Similarly, maybe you’ve planned to arrange for your son to take over your furniture-resale business once he’s done with business school. But at the graduation party, he reveals he’s heading to New York City to take a shot at being a professional jazz musician. After you get over the shock, you’ll need to reassess the succession plan and possibly create additional protections for the assets you plan to leave your son.

Market shifts, new unanticipated debts, and changes to your portfolio can force you to reconsider your strategy.

For instance:


  • Your stock market portfolio tanks or overperforms, creating a surplus (or deficit) substantial enough to have long term implications. For instance, you might now be in a new tax category, which offers new types of leverage as well as risks.  


  • An employee makes a mistake handling an order, leading to a customer injury and subsequent lawsuit. Your corporation fails to protect your personal assets, allowing the plaintiff to take some of the $200,000 judgment in his favor from your accounts.


  • You make a bold decision to leave your company of 25 years – a choice that affects your income projections and requires you to reassess your retirement plans and possibly sell a family property.

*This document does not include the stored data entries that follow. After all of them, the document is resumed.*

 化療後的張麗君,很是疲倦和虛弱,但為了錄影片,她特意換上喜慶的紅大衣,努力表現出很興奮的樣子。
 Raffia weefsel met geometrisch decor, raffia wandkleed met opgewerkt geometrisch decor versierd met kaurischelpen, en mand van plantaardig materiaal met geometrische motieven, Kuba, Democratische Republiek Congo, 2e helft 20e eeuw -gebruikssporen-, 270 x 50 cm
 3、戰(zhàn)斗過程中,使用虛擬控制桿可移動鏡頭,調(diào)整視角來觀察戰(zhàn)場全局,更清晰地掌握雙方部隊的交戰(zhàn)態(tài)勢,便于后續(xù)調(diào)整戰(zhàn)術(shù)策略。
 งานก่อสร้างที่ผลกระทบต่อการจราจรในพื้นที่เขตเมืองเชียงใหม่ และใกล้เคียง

Changes in your health or the health of loved ones or key business associates impacts the plan.

An illness, for instance, can radically challenge your income projections as well as possibly require you to tap into emergency funds to pay medical and surgical bills and rejigger your retirement projections. You may also need to apply for benefits programs through Medicaid, Medicare or the VA.

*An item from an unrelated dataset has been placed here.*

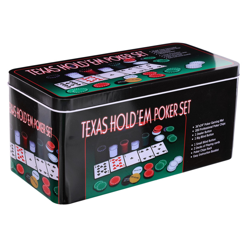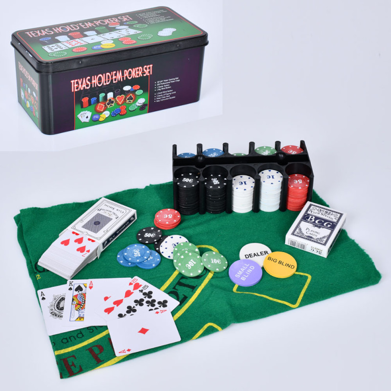 Також в набір входять дві колоди карт, що ідеально підходять для всіх популярних різновидів покеру. Сукно, що входить у комплект, дозволяє створити рівну ігрову поверхню, забезпечуючи легкість переміщення карт і фішок. Все це упаковано в компактну та міцну металеву коробку, яка захищає набір та дозволяє зручно зберігати чи транспортувати його.

Alternatively, positive medical developments can change the calculus. For instance, let’s say that your daughter got into a ski accident three years ago. Doctors initially said she would be paralyzed for life. So you planned your finances accordingly to meet her medical needs now. But then an exciting new surgery becomes available, and this surgery restores your daughter to nearly full mobility. You’ve now freed up resources, which you’ll need to reallocate strategically.

Another positive example: after struggling with Type 2 diabetes, a lower carb diet helps you lose weight, get your blood sugar stable and stop taking so much prescription medication. You can now work more hours and concentrate on your business, so your income increases, necessitating a reevaluation of your estate plan.

A trustee or the executor of your estate gets sick or becomes unable to fulfill certain key duties.

For instance, you name your brother as the estate executor and guardian for your children. But then he sustains a traumatic brain injury in a car accident, which means he can no longer fulfill these responsibilities. You will need to find someone else to replace his role.

The emergence of new planning tools or strategies might change your calculus.

A knowledgeable estate planning lawyer can help you keep abreast of such changes and technologies, suggest possible updates and maximize the effectiveness of your estate plan.

Regular Maintenance: Don’t Do It Yourself

Just like you should trust an experienced car mechanic to probe and test your vehicle to determine best practices for keeping it road-ready and safe; so, too, will you benefit from working with a qualified estate planning attorney to manage all the moving parts and alert you to when you need to act and how.

As a general rule of thumb, “tune up” the estate plan annually or in the wake of a major event, like those we discussed above.